BRIDGETOWN, Barbados – To assist the Caribbean Development Bank (CDB) membership in the development of national objectives and measuring their success in improving lives, the bank has assembled regional, global, private and public sector players who will examine public financial management and supportive actions to achieve the region’s development agenda.
“Administrations and policymakers in CDB Member Countries must focus on astute measurement and management while balancing the needs of people to achieve shared prosperity and close the gaps to the Sustainable Development Goals (SDGs)”, says director of economics at the CDB, Ian Durant.
Caribbean countries all have development plans linked to the Sustainable Development Goals (SDGs) which have set targets for 2030. Budgeting is a critical aspect of planning and development.

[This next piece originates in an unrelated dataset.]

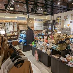 Neben dem Bahnhof gibt es die A-Factory. Es dauert etwas bis wir verstehen, dass das "A" für "apple" steht 😄 In den Hallen ist etwas Gastronomie, eine große Verkaufsfläche wo man diverse Apfelbezogene Mitbringsel einkaufen kann, und eine Cider... wie nennt man das?....Brauerei? Brennerei? Kelterei? Manufaktur 🙃.

Creating accounting models and strategies which offer innovative approaches to reporting and tracking development impact and attainment of the set goals can meaningfully feed into future strategies, benefit national economies and greatly assist in more accurate assessment of the distance from the SDGs.
In this regard, CDB has engaged Pennelope Beckles-Robinson, member of parliament and minister of planning and development, Trinidad and Tobago; Catherine Kruger, inter-regional advisor, the Partnership in Statistics for Development in the 21st Century (PARIS 21); Francine Baron, chief executive officer, Climate Resilience Execution Agency for Dominica and Richard S. Sammy, group vice president-designate, Republic Bank Financial Limited to share insight with the bank’s board of directors and stakeholders on the elements required to strengthen reporting and budgeting in Borrowing Member Countries to better reflect development commitments and progress.
Under the theme measure better to target better- adaptation and resilience, the seminar entitled, Budgeting for Sustainable Development will be held on June 14, 2022, at 2:30 pm in Providenciales, Turks and Caicos Islands (TCI).
The panel will examine the role of law-making, budgeting, oversight and stakeholder buy-in achieving allocative efficiency building on existing models and best practices in the public and private sectors. It will identify relevant strategies including the adoption of a results-based budgeting framework with SDG alignment by countries to strengthen their respective National Development Plans.
This approach will harmonise targets with those under the SDG 2030 Agenda. These efforts are critical to improve the lives and livelihoods of populations in a sustainable, inclusive, and equitable manner and is also an important step in the process of improving the region’s development landscape.